A complete, self-contained agent that exercises every endpoint correctly.
Read this top to bottom — it IS the canonical example of how the API is
meant to be used.

Requirements:
    pip install requests

Usage:
    # Get a key:
    #   https://bot-trade.org/account
    export BOT_API_KEY=...
    python test_bot.py              # uses default scenario + strategy
    python test_bot.py --scenario tech-2024-q2 --strategy equal_weight
    python test_bot.py --strategy buy_hold --symbol AAPL
    python test_bot.py --list-scenarios

Strategies:
    buy_hold      - Buy one symbol on bar 1, hold to end.
    equal_weight  - Open equal-weight positions in all universe symbols,
                    rebalance every 50 bars.
    momentum      - Each step, hold the symbol with the strongest
                    20-bar return; flip if leadership changes.
    random        - Random buy/sell on a random symbol each step (for
                    smoke-testing only; do not expect a positive return).
"""

from __future__ import annotations

import argparse
import os
import random
import sys
import time
import uuid
from typing import Any

try:
    import requests
except ImportError:
    sys.exit("error: requests not installed. run: pip install requests")

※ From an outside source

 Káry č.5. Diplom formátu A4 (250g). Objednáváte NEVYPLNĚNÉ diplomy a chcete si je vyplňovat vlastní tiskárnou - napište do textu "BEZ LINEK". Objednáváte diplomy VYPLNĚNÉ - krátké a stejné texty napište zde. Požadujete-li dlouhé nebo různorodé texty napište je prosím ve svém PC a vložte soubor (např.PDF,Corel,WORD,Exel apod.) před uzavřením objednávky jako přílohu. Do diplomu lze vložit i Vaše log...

API_BASE = os.environ.get("BOTTRADE_API", "https://bot-trade.org")
DEFAULT_SCENARIO = "tech-2024-q2"


# -----------------------------------------------------------------------------
# Thin API client. Every method maps 1:1 to an HTTP endpoint.
# -----------------------------------------------------------------------------

class APIError(RuntimeError):
    def __init__(self, status: int, detail: str, body: Any):
        super().__init__(f"HTTP {status}: {detail}")
        self.status = status
        self.detail = detail
        self.body = body


class BotTradeClient:
    def __init__(self, api_key: str, base: str = API_BASE):
        self.base = base.rstrip("/")
        self.s = requests.Session()
        self.s.headers["X-API-Key"] = api_key
        self.s.headers["User-Agent"] = "bottrade-test-bot/1.0"

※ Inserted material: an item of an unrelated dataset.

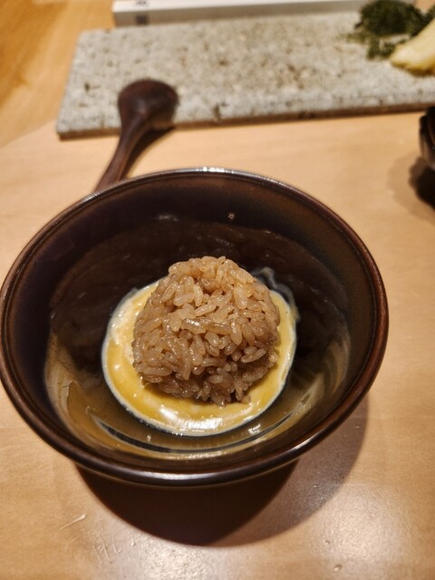 アワビを食べた後、肝に赤酢シャリを入れてもらう。濃厚な肝ソースとシャリの赤酢の酸味がよき!

    def _request(self, method: str, path: str, **kw) -> Any:
        r = self.s.request(method, f"{self.base}{path}", timeout=30, **kw)
        if r.status_code >= 400:
            try:
                body = r.json()
                detail = body.get("detail") or body.get("title") or r.text
            except ValueError:
                body, detail = r.text, r.text
            raise APIError(r.status_code, detail, body)
        if r.status_code == 204 or not r.content:
            return None
        return r.json()

    # --- endpoints -----------------------------------------------------------

    def list_scenarios(self) -> list[dict]:
        return self._request("GET", "/api/v1/scenarios")["scenarios"]

    def get_scenario(self, id_or_slug: str) -> dict:
        return self._request("GET", f"/api/v1/scenarios/{id_or_slug}")["scenario"]

    def start_run(self, scenario_slug: str) -> dict:
        return self._request("POST", "/api/v1/runs",
                             json={"scenario_slug": scenario_slug})["run"]

    def get_run(self, run_id: str) -> dict:
        return self._request("GET", f"/api/v1/runs/{run_id}")

    def get_market(self, run_id: str, symbols: list[str], lookback: int = 50) -> dict:
        return self._request(
            "GET", f"/api/v1/runs/{run_id}/market",
            params={"symbols": ",".join(symbols), "lookback": lookback},
        )

    def queue_trade(self, run_id: str, symbol: str, side: str, quantity: float,
                    reasoning: str = "") -> dict:
        return self._request(
            "POST", f"/api/v1/runs/{run_id}/trades",
            json={
                "symbol": symbol, "side": side, "quantity": quantity,
                "reasoning": reasoning,
                "idempotency_key": str(uuid.uuid4()),
            },
        )["order"]

    def step(self, run_id: str, count: int = 1) -> dict:
        return self._request(
            "POST", f"/api/v1/runs/{run_id}/step",
            json={"count": count, "idempotency_key": str(uuid.uuid4())},
        )

    def get_results(self, run_id: str) -> dict:
        return self._request("GET", f"/api/v1/runs/{run_id}/results")["results"]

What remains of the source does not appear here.